Pelajaran dari Skandal Gratifikasi Hakim Agung AS Clarence Thomas
Utama

Pelajaran dari Skandal Gratifikasi Hakim Agung AS Clarence Thomas

Dunia akademik harus aktif ikut mengawasi Hakim Agung dan Hakim Konstitusi di puncak kekuasaan kehakiman Indonesia.

Oleh:
Normand Edwin Elnizar
Bacaan 3 Menit
Hakim Agung AS Clarence Thomas. Foto: The Supreme Court of the United States, 2007.
Hakim Agung AS Clarence Thomas. Foto: The Supreme Court of the United States, 2007.

Masa jabatan hakim agung yang otomatis seumur hidup tidak menjamin lebih aman dari jerat korupsi politik. Hal itu menjadi pelajaran penting dari skandal gratifikasi Hakim Mahkamah Agung Amerika Serikat, Clarence Thomas yang terungkap dua bulan lalu. Thomas awalnya dilaporkan untuk fasilitas perjalanan mewah dari pengusaha pendonor Partai Republik.

Gratifikasi itu ia dapat selama dua dekade sejak menjadi hakim agung. Laporan investigasi media massa ProPublica terus berkembang pada gratifikasi lainnya berupa penerimaan pembayaran biaya sekolah untuk cucunya dan transaksi jual beli mencurigakan dari pengusaha yang sama.

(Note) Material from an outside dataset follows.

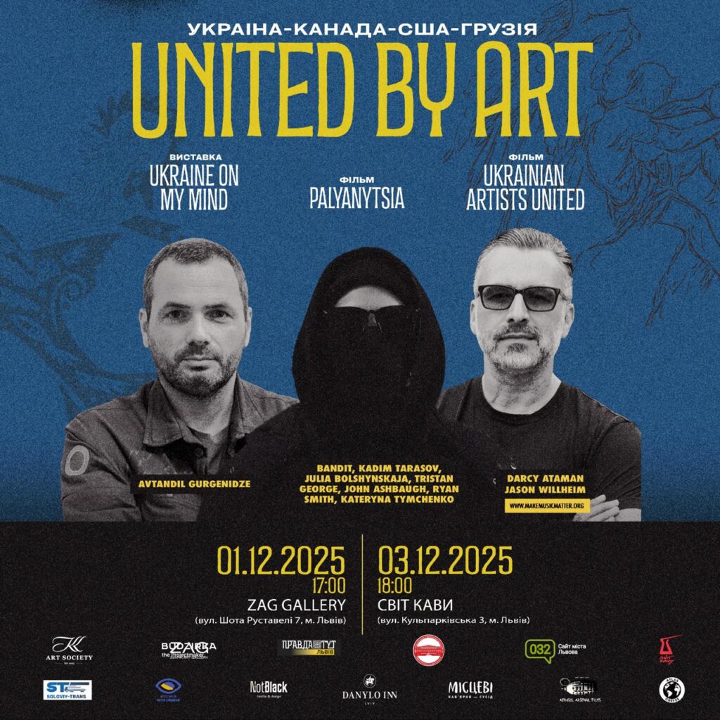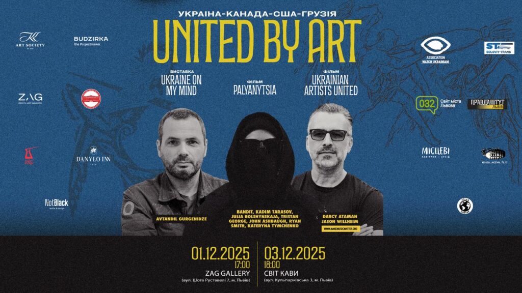 1 та 3 грудня у Львові відбудеться презентація міжнародного культурного проєкту “United by Art” — ініціатива, що об’єднує музику, кіно та мистецтво як універсальну мову солідарності. Створюючи простір для діалогу між митцями та глядачами, ця подія робить культуру інструментом підтримки, співпраці та натхнення у часи викликів; водночас, її головна ідея полягає в тому, що завдяки мистецьким проєктам, створеним іноземними митцями в Україні, резонансно лунає голос за кордоном – голос України, транслюючи через культуру актуальні події та виклики сьогодення. У рамках проєкту будуть представлені роботи митців із Канади, США та Грузії. Вхід на подію безкоштовний за умови реєстрації.

“Formula masa jabatan seumur hidup atau punya batas waktu tertentu tidak ada yang pasti bisa menghindarkan hakim dari perilaku koruptif,” kata Peneliti Lembaga Kajian dan Advokasi Independensi Peradilan (LeIP) Muhammad Tanziel ‘Azhe’ Aziezi kepada Hukumonline. Azhe menilai integritas hakim agung atau hakim konstitusi di puncak peradilan tidak bisa dikontrol dengan sistem masa jabatan.

Baca Juga:

“Pelajaran dari Clarence Thomas adalah menyaring ketat sejak awal calon hakim agung. Periksa laporan harta kekayaannya dan integritasnya,” ujar Azhe mengusulkan. Perlu dicatat Thomas mulai menjabat pada tahun 1991 pada usia 43 tahun hingga kini. Pada saat itu Thomas sudah diisukan punya skandal soal pelecehan seksual. Toh, ia tetap lolos uji kepatutan oleh parlemen Amerika Serikat dan menjabat hakim agung.

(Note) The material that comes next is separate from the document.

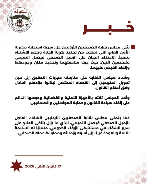 مجلس نقابة الصحفيين يثني على دور الأجهزة الامنيه والقضائية في حماية الصحفيين
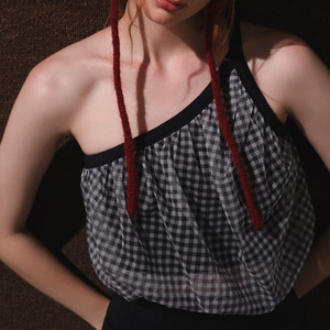 2025新款网纱单肩裸感瑜伽背心运动健身内衣,女士时尚运动两件套

Pendapat yang sama diungkapkan Ketua Bidang Sumber Daya Manusia, Advokasi, Hukum, Penelitian dan Pengembangan Komisi Yudisial, Binziad ‘Dafi’ Kadafi. Ia mengatakan “Pengaturan soal masa jabatan itu berpengaruh besar untuk menghindari intervensi hakim, tapi itu bukan satu-satunya faktor masalahnya”. Dafi menilai apa yang dialami Clarence Thomas tidak lepas dari adanya kesempatan. Pengawasan di antara sesama hakim sendiri sangat dibutuhkan.

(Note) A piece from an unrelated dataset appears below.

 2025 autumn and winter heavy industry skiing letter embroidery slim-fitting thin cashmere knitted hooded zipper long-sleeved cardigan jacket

Baik Azhe maupun Dafi sepakat bahwa pola pembatasan masa jabatan hakim agung dan hakim konstitusi di Indonesia saat ini masih bisa diandalkan. Catatan penting justru diarahkan pada seleksi sosok yang akan mengisi jabatan penting tersebut. Selain itu, pengawalan (pengawasan) harus dilakukan oleh pihak publik. Azhe menilai dunia akademik yang paling tepat ikut menjaga kualitas dan integritas hakim agung dan hakim konstitusi.